- Żychlewo Location within Poland
- Coordinates: 51°48′N 16°59′E﻿ / ﻿51.800°N 16.983°E
- Country: Poland
- Voivodeship: Greater Poland
- County: Gostyń
- Gmina: Krobia
- Population: 408
- Time zone: UTC+1 (CET)
- • Summer (DST): UTC+2 (CEST)
- Vehicle registration: PGS

= Żychlewo =

Żychlewo is a village in the administrative district of Gmina Krobia, within Gostyń County, Greater Poland Voivodeship, in west-central Poland.

==History==
The area formed part of Poland since the establishment of the state in the 10th century. Żychlewo was a private church village, administratively located in the Kościan County in the Poznań Voivodeship in the Greater Poland Province of the Kingdom of Poland. It was annexed by Prussia in the Second Partition of Poland in 1793. It was regained by Poles in 1807 and included within the short-lived Duchy of Warsaw, and after the duchy's dissolution in 1815, the village was reannexed by Prussia, and was also part of Germany from 1871. Following World War I, Poland regained independence and control of the village.

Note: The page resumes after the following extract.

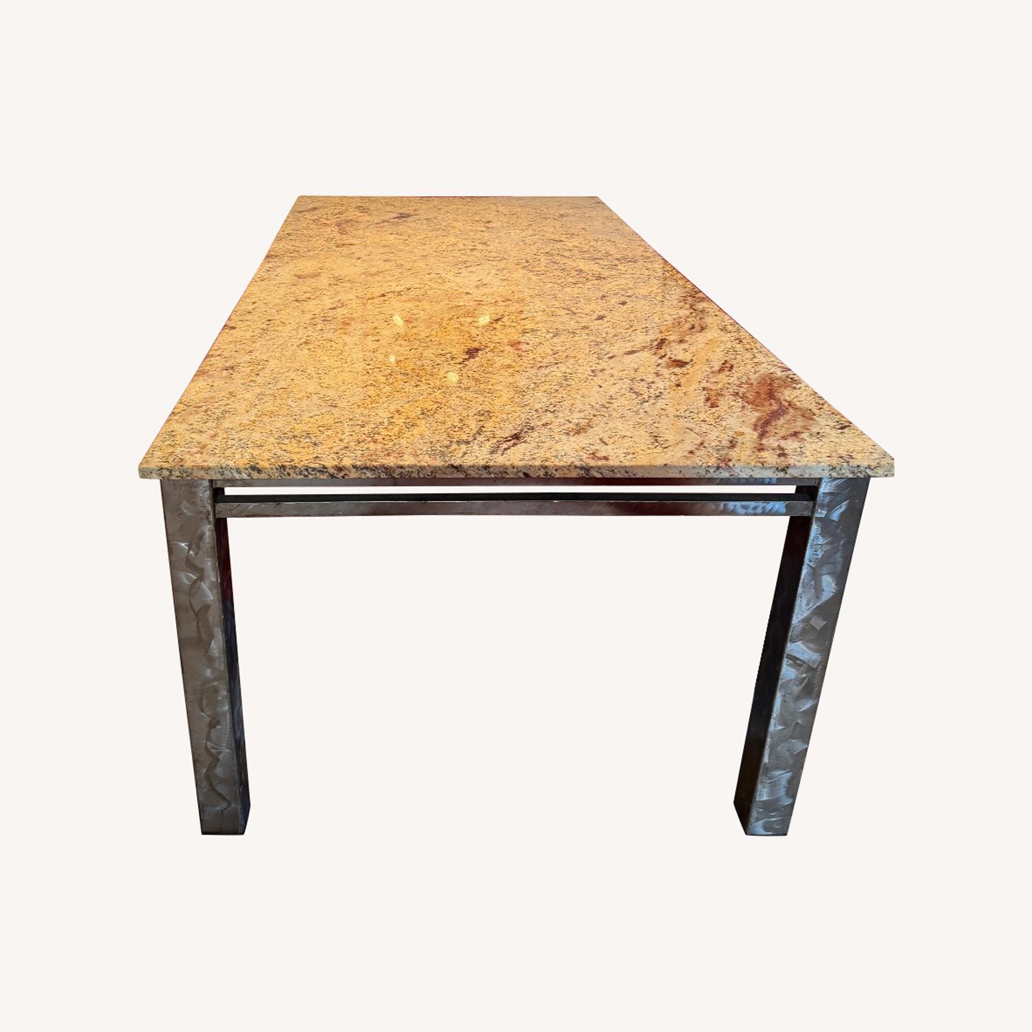 Seller's Notes:This piece was custom made in hand-picked granite and stainless steel in a parsons table style . It is in beautiful shape. We are moving and can't bring it with us as it is extremely heavy and too large for our new space. The price is low - as listed - for anyone who will come pick it up in Los Angeles at their expense.

During the German occupation of Poland (World War II), in December 1939, the occupiers carried out first expulsions of Poles, who were then sent to a transit camp in nearby Gostyń, and eventually deported to the General Government in the more eastern part of German-occupied Poland. Further expulsions of Poles were carried out by the German gendarmerie in 1940. Expelled Poles were either deported to forced labour in Germany or enslaved as forced labour of German colonists in the county. Houses and farms of expelled Poles were handed over to new German colonists as part of the Lebensraum policy.